Some operators are using new brands to explore the digital-first terrain. One such example is Verizon’s Visible brand, whose edgy tagline states, “We also ditched the stores, lines, and annoying salespeople.” Other operators are pursuing the digital-first approach while continuing to leverage their established brands. For example, Orange Polska launched the Flex product line and found the cost of acquisition is much lower with online channels and the cost of customer care is reduced with self-serve.

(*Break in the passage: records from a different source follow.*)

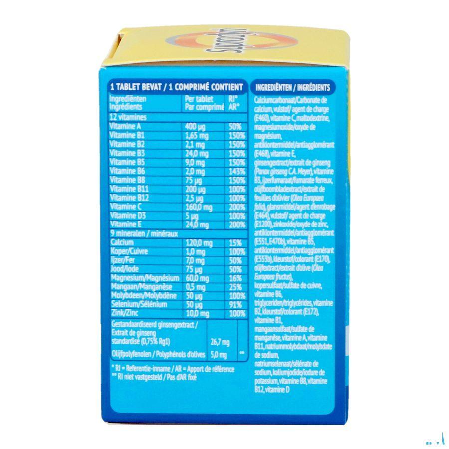 ingrediënten per tablet : VITAMINEN vitamine A : 400 ug vitamine B1 : 1.65 mg vitamine B2 : 2.1 mg vitmine B3 : 24 mg vitamine B5 : 9.0 mg vitamine B6 : 2 mg vitamine B8 : 75 ug vitamine B11 : 200 ug vitamine B12 : 2.5 ug vitamine C : 160 mg vitamine D3 : 5 ug vitamine E : 24 mg MINERALEN / SPORENELEMENTEN calcium : 120 mg koper : 1 mg ijzer : 7 mg jood : 75 ug magnesium : 60 mg mangaan : 2 mg molybdeen : 50 ug selenium : 50 ug zink : 10 mg PLANTENEXTRACTEN ginseng-extract : 26.7 mg equivalent ginsenoside Rg 10,200mg olijfboom-blad-extract : 21 .43 mg olijfextract : 5 mg Calciumfosfaat, zwaar magnesiumoxide, L-ascorbinezuur, draagstof (E460i), echte ginseng (Panax ginseng C.A. Meyer), DL-alfa-tocoferylacetaat, nicotinamide, zinkcitraat, ijzer(II)fumaraat, antiklontermiddel (E468), glansmiddelen (E470b, E464), D-biotine, calcium-D-pantothenaat, retinylpalmitaat, glansmiddel (E553b), antiklontermiddel (E551), kleurstof (E171), mangaansulfaat, pyridoxinehydrochloride, riboflavine, koper(II)sulfaat, thiaminemononitraat, cholecalciferol, cyanocobalamine, glansmiddel (E463), kaliumjodide, kleurstof (E141ii), pteroylmonoglutaminezuur, chroom(III)chloride, natriummolybdaat, natriumselenaat.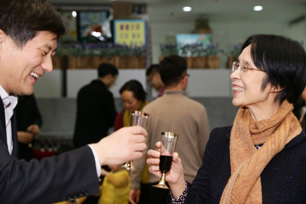 晚会的最后一项——新年酒会,学院领导与师生欢聚一堂,举杯共饮贺新年,把酒言欢,彼此送上最美好的新年祝福,欢声笑语萦绕在学院大厅。清华大学公共管理学院2019年晚会在和谐融洽的气氛中圆满落幕。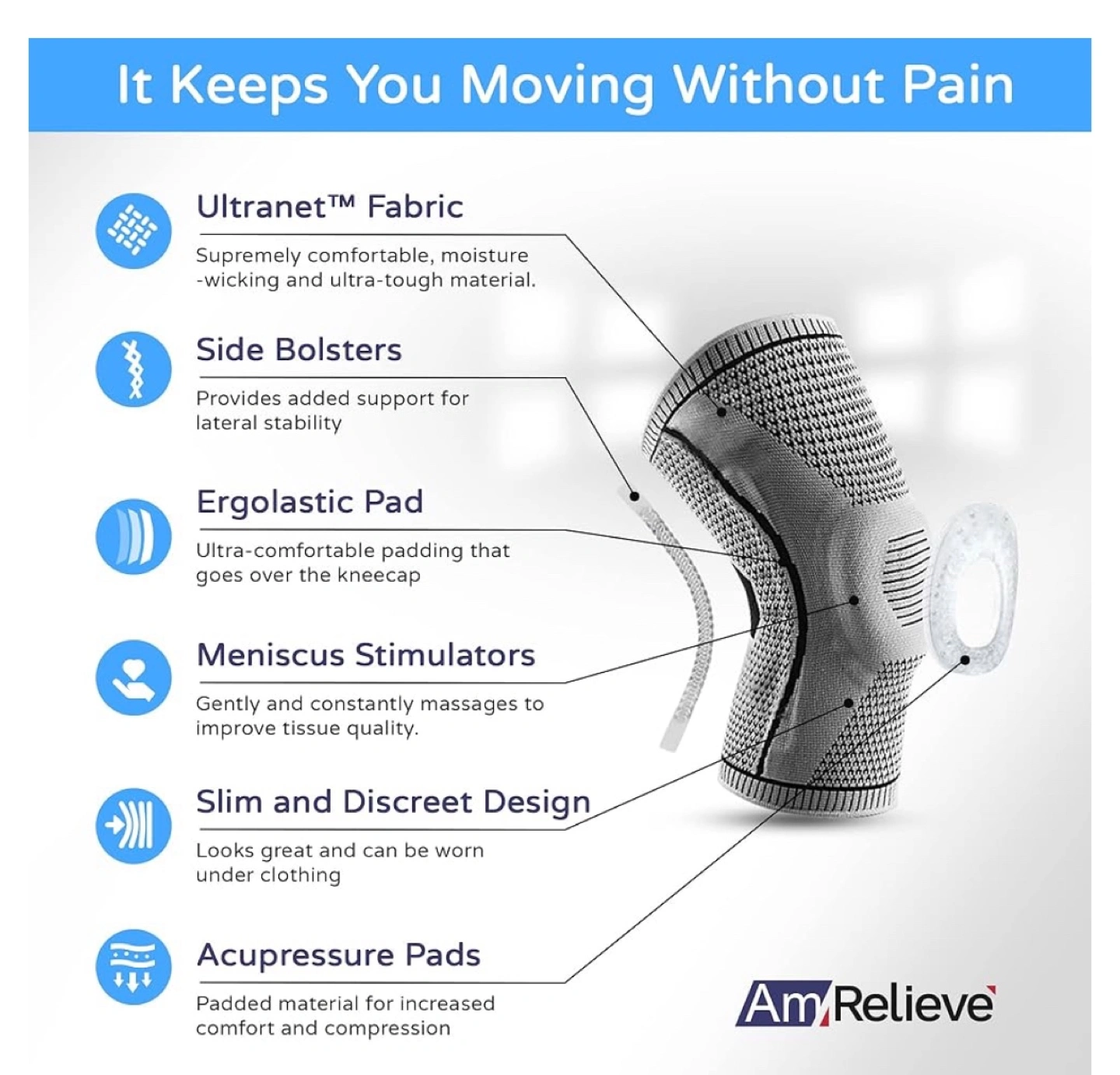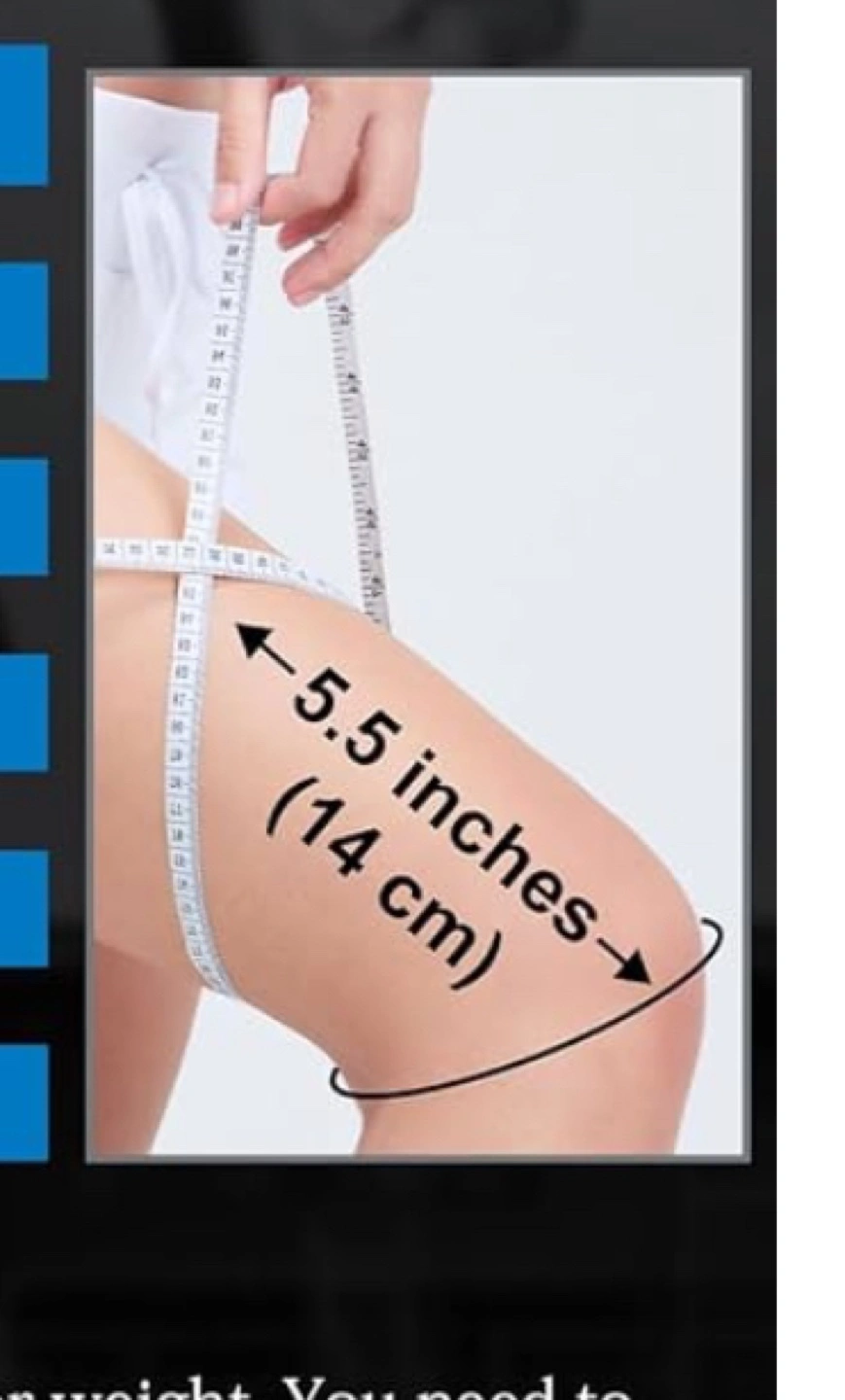 Comfortable knee brace. Features side bolsters, ergonomic padding, and meniscus stimulators. Slim and discreet design. Highly breathable. Two anti-slippery silicon strips. Provides added support and lateral stability. Gently massages to improve tissue quality. Check the picture to measure your tight . This sleeves is 40cm or 15 inch in circumference. Measure your thighs 5 inches or 14 cm above your knee

By adopting modern, cloud-based BSS software, these operators can rapidly change their service offerings and pricing through configuration, not expensive and lengthy code rewrites. Innovative IT platforms enable personalized plans with flexible tariffs and features such as shared data, bill capping, and data rollover.

Telcos have a large OSS/BSS software estate and there is no magic switch to make everything “digital-first.” They can seamlessly reach out to consumers via digital channels, attract them to their brand, and rapidly engage them as long-term fans. The vanguards tend to be greenfield operators such as Rakuten in Japan or challengers like Visible in the U.S.

Operators evaluating BSS solutions to support digital-first should ensure they do the following:

• Offer the necessary business agility to shorten time-to-market for new offers. • Enable a seamless omnichannel experience that delights customers rather than simply tries to divert them from the call center. • Have industry-standard APIs to enable easy integration with adjacent systems. • Remain hybrid-cloud-native to support the needs of the operator today and in the future as the digital-first offering gains traction.